I ran my hand through my hair. I was flattered—honoured, actually—that he was asking me, but I just couldn’t. “Ah, Greg, I wish I could, but I kind of can’t right now. I have a lot going on. I’ve actually just signed up to finish my degree. I’m doing it externally, but still, I have assessments and shit.” I didn’t bother explaining about Billy’s cousin coming to stay or the fact that two of my employees had hooked up. He didn’t need to hear my staff problems. “Plus we’re coming into the winter muster. I’m all out of spare time.”

He sighed, and it sounded an awful lot like disappointment. “Look, don’t decide right now. We’re having a Territory Farmers meeting next month, and the Annual General Meeting to decide the Board isn’t until well after mustering season. It’s a few months away yet. Think it over. I’ll be in touch.”

When I clicked off the call, Travis was standing in front of me. “What was that about?”

“He wants me to run for Director of the Beef Farmers Association.”

“That’s awesome. You should do it.”

“I told him I can’t.”

“Why?”

“Because some arsehole signed me up to finish my degree, that’s why,” I said. “Plus I have mustering in three weeks.”

We have mustering in three weeks.”

I ignored him. “Trudy and Bacon have hooked up, that poor kid Nara looks about ready to run any given minute, and someone is up every three hours doing night feeds for a joey.”

“And?”

I sighed. Okay, it was more of a huff. And when he was still looking at me like “Is that all you got?” I looked around to make sure no one was within earshot. “And I need to spend time with you,” I whispered.

He raised one eyebrow. “Need? Like a charity kind of need?”

I snorted. “No. Need like I don’t know what I’d do if I didn’t kind of need.”

He grinned something special. “And you think you’re not romantic.”

Before I could blush myself stupid, I pushed my trolley and headed for the checkout. “I never said that.” Then I stopped dead and turned to him. “Wait! Did you say that?”

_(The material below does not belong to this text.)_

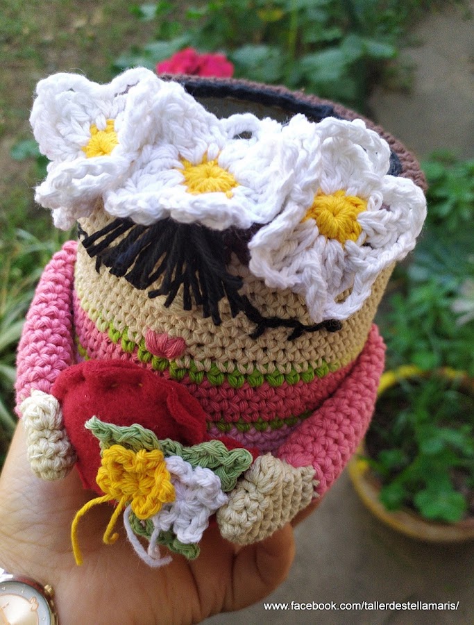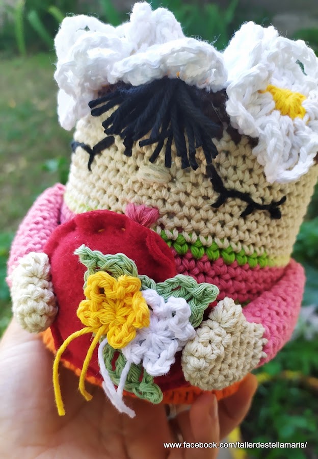 Tejer y pegar tres Margaritas a manera de coronita en la Cabeza;

He threw his head back and laughed. “You’re far too easy.” He pushed past me with his trolley. “Come on, we’d better hurry and get this stuff home, or Ma will send out a search party.”

* * * *

It was weird going home. I’d always had a sense of warmth, of familiarity, a sense of centre, when I drove home. Normally, like I was out of alignment or off kilter until we turned off the Plenty Highway, every kilometre we got closer to home I’d start to feel like my world was righted.

But it was different this time. It wasn’t that I didn’t want to go home, because I really did. I just didn’t want my time with Travis to end. There had been some realisations this last weekend, and I needed to get my head around them.

By the time we’d unloaded everything and Travis had set up and tried out his coffee machine, it was later in the afternoon and I found myself in the kitchen with Ma.

It wasn’t that I wanted someone to talk to exactly… Anyway, she knew me too well. “What’s got you hanging around me for, hun? You need to talk about something?” She studied my face. “You look a mix of relaxed and depressed. What happened?”

I couldn’t look at her. Before I lost my nerve, I swallowed hard and told her what I’d equally expected and dreaded. “I think Travis wants to go home.”